* _EXERCISE_
Copy, exactly and without additions, every line in the records below from the one holding "This customisable Swissy" through the one holding "steel 6' wide", both ends included.

* _EXTRACTED MATERIAL_
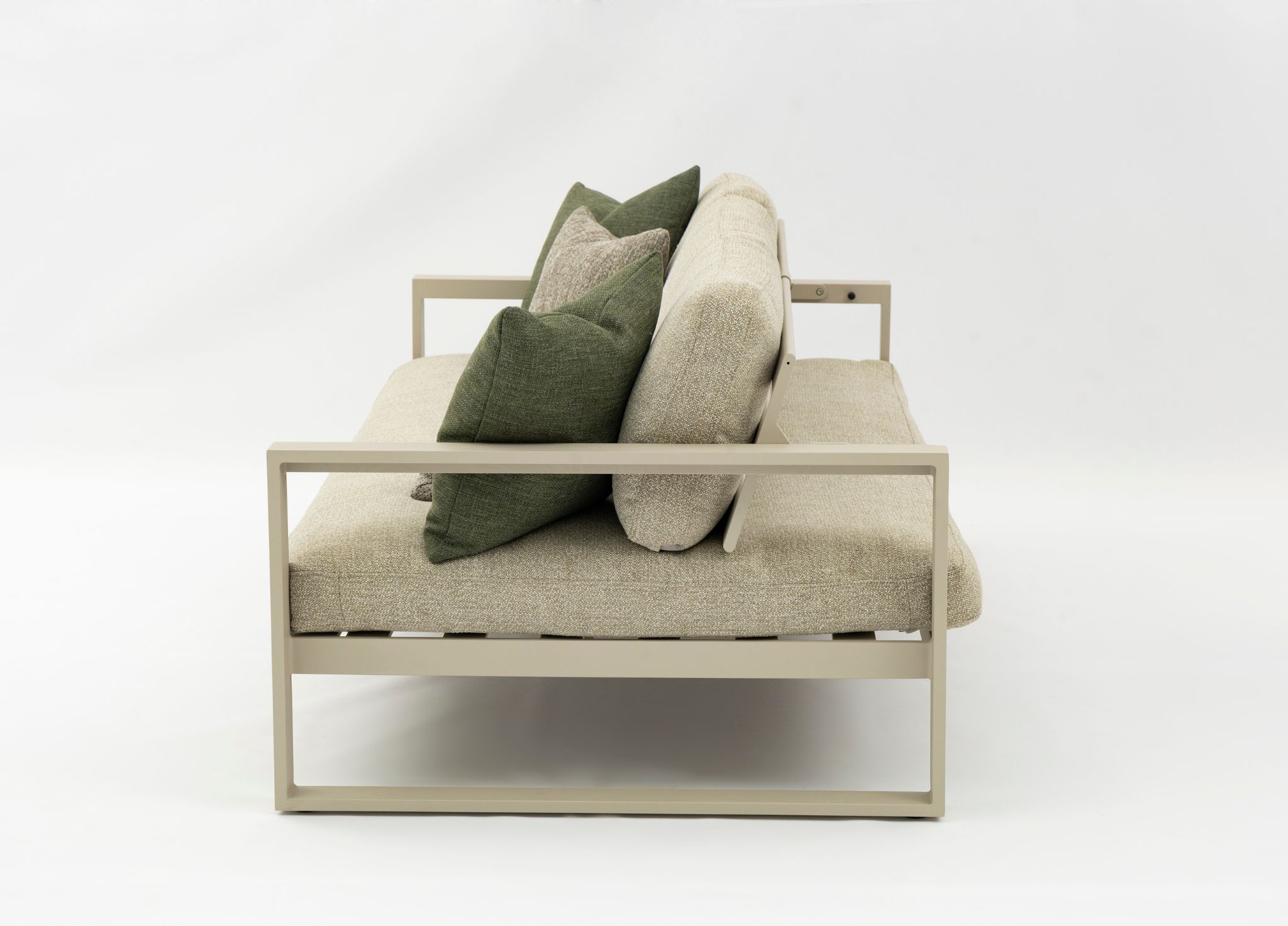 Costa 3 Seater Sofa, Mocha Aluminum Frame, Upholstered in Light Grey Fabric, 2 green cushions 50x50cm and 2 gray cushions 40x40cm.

==

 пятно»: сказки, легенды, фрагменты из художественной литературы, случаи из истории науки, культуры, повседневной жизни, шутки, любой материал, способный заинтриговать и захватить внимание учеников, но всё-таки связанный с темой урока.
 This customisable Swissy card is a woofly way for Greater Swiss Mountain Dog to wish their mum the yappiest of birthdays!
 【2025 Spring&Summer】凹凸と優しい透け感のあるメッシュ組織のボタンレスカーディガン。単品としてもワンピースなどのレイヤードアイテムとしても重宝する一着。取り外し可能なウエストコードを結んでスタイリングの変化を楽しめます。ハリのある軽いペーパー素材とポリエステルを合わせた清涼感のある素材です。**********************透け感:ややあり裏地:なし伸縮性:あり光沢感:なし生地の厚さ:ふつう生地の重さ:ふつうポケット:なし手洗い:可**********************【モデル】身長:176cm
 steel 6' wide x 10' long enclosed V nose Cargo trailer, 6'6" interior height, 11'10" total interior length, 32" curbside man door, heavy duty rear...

* _REPLY_
 This customisable Swissy card is a woofly way for Greater Swiss Mountain Dog to wish their mum the yappiest of birthdays!
 【2025 Spring&Summer】凹凸と優しい透け感のあるメッシュ組織のボタンレスカーディガン。単品としてもワンピースなどのレイヤードアイテムとしても重宝する一着。取り外し可能なウエストコードを結んでスタイリングの変化を楽しめます。ハリのある軽いペーパー素材とポリエステルを合わせた清涼感のある素材です。**********************透け感:ややあり裏地:なし伸縮性:あり光沢感:なし生地の厚さ:ふつう生地の重さ:ふつうポケット:なし手洗い:可**********************【モデル】身長:176cm
 steel 6' wide x 10' long enclosed V nose Cargo trailer, 6'6" interior height, 11'10" total interior length, 32" curbside man door, heavy duty rear...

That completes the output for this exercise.